Listed entries:
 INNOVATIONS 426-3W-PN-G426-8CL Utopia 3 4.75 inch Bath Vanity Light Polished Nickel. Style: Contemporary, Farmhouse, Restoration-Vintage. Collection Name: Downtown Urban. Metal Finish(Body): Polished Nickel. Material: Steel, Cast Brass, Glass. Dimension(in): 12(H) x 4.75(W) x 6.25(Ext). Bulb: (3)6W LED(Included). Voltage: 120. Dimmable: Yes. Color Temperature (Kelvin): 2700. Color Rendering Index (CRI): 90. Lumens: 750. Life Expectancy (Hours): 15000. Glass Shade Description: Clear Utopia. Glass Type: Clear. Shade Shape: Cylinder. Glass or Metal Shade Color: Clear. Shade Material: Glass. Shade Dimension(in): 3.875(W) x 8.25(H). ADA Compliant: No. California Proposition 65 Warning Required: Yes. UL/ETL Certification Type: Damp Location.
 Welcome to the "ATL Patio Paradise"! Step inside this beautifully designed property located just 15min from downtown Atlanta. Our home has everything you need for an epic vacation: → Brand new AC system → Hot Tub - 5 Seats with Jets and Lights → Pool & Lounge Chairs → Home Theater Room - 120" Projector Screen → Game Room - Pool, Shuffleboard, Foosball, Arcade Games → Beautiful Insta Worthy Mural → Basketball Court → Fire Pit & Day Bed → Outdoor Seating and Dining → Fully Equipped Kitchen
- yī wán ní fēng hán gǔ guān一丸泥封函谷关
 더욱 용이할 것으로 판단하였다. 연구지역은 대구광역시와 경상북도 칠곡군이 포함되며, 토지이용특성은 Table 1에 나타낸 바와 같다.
* * *
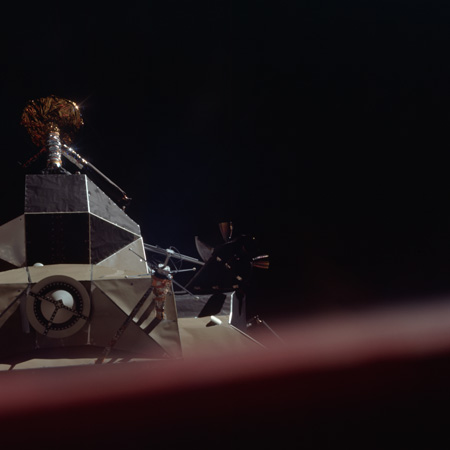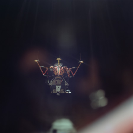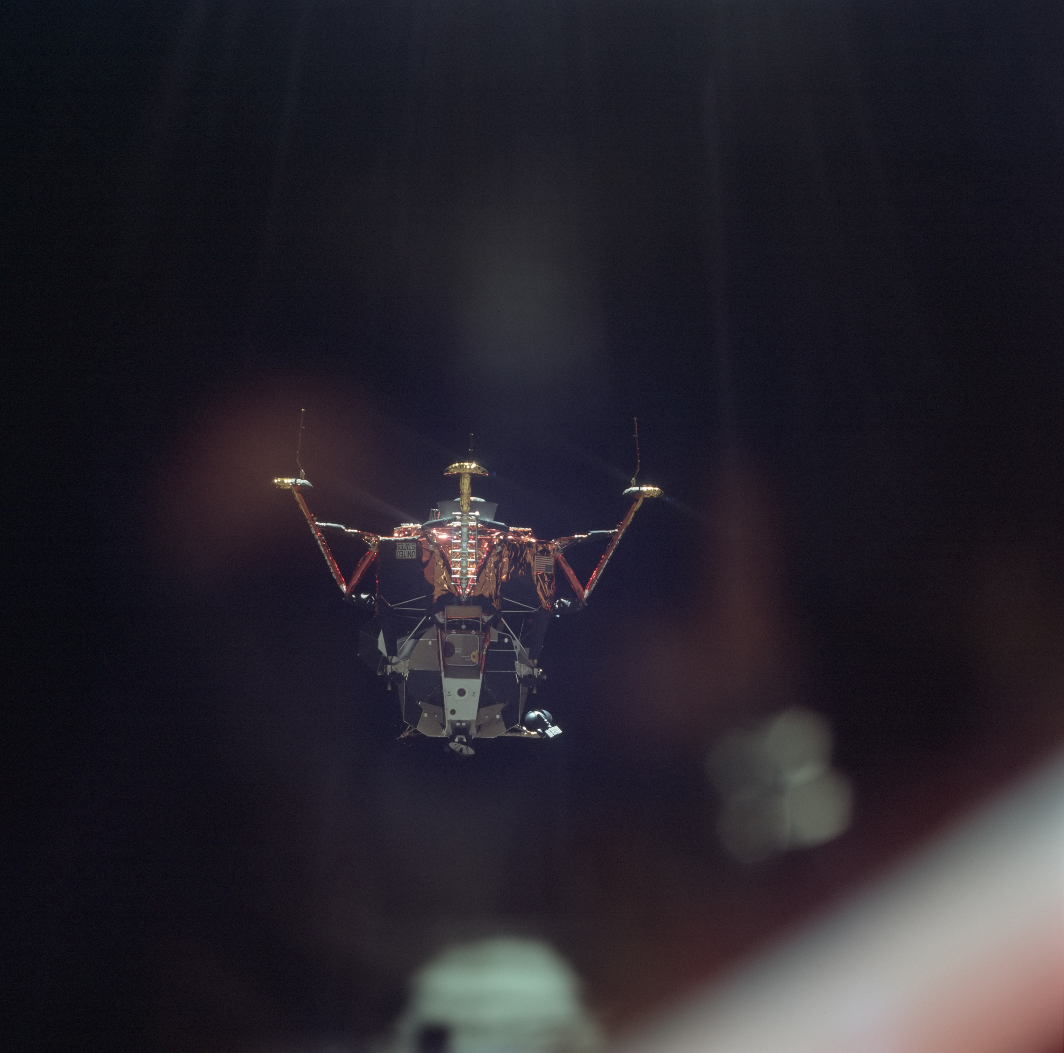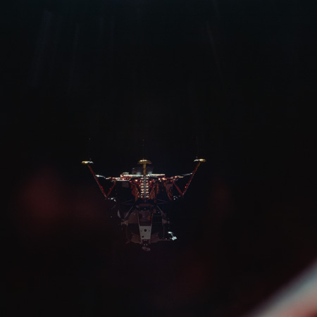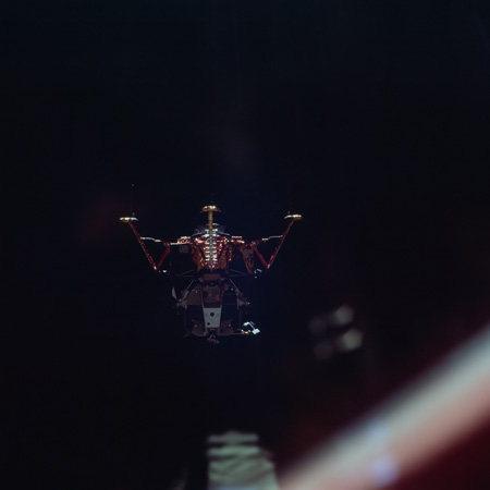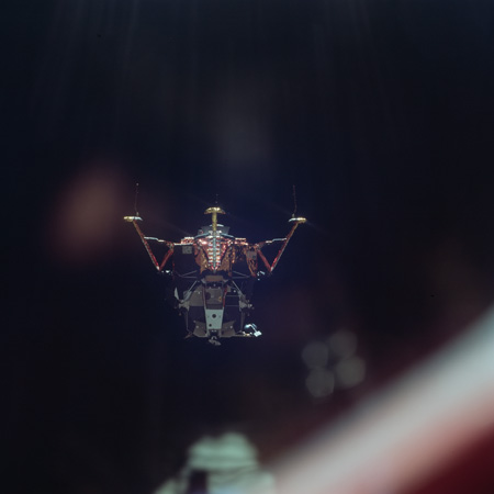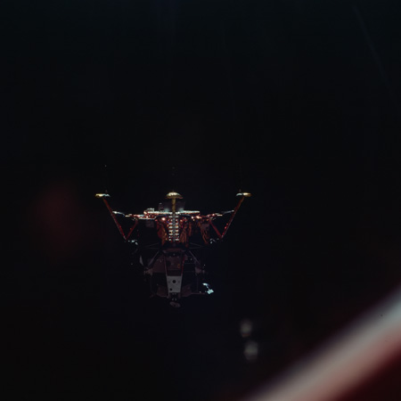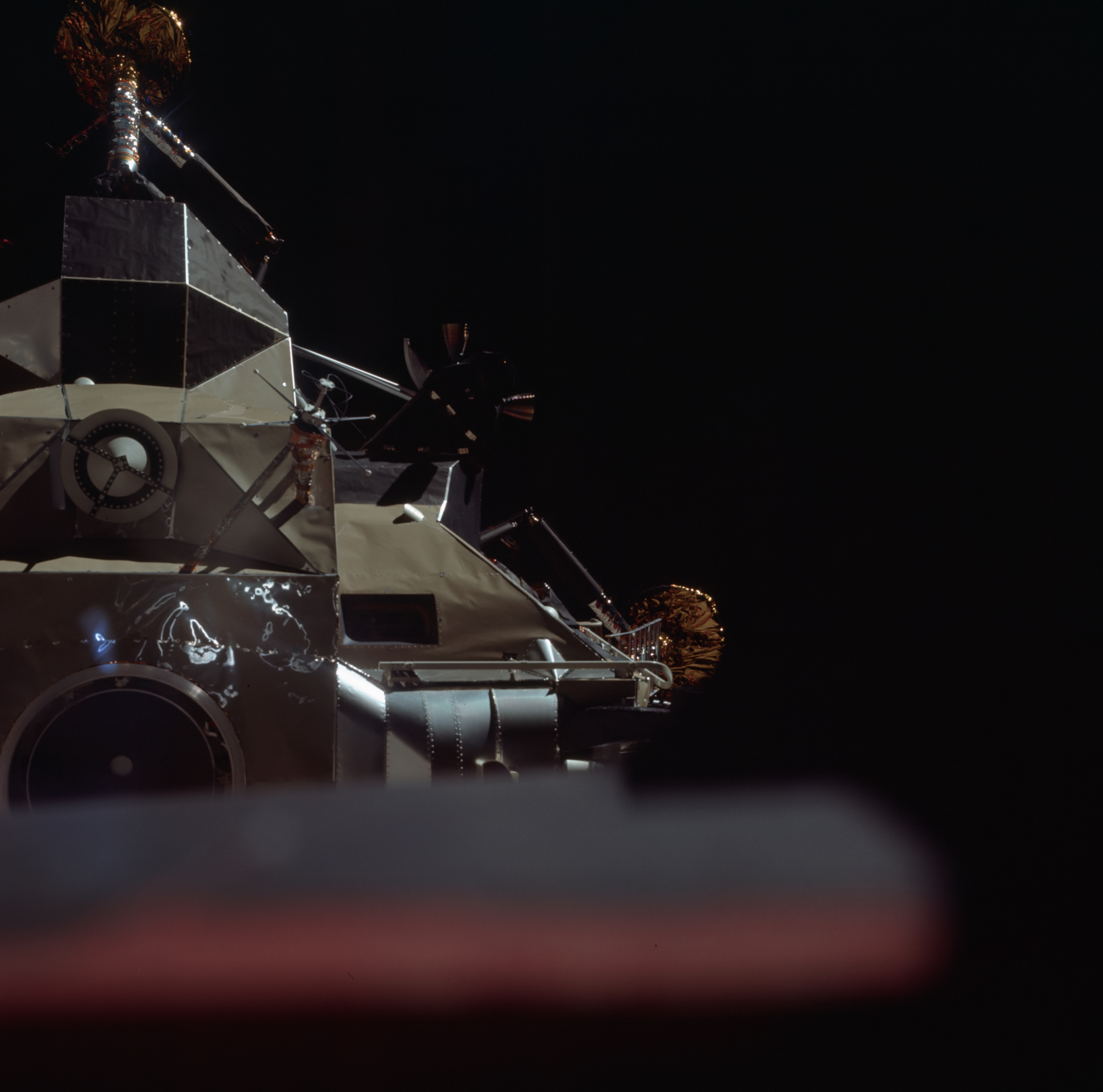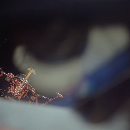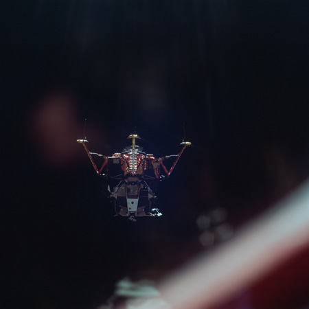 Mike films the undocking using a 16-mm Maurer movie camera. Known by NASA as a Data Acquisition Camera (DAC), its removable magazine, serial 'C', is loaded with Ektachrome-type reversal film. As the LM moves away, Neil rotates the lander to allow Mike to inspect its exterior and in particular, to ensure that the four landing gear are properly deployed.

What you should do: Only those lines of the entries above that run from the line containing "- yī wán ní fēng hán gǔ guān一丸泥封函谷关" to the line containing "더욱 용이할 것으로 판단하였다.", both included, should be transcribed exactly.

Answer below:
- yī wán ní fēng hán gǔ guān一丸泥封函谷关
 더욱 용이할 것으로 판단하였다. 연구지역은 대구광역시와 경상북도 칠곡군이 포함되며, 토지이용특성은 Table 1에 나타낸 바와 같다.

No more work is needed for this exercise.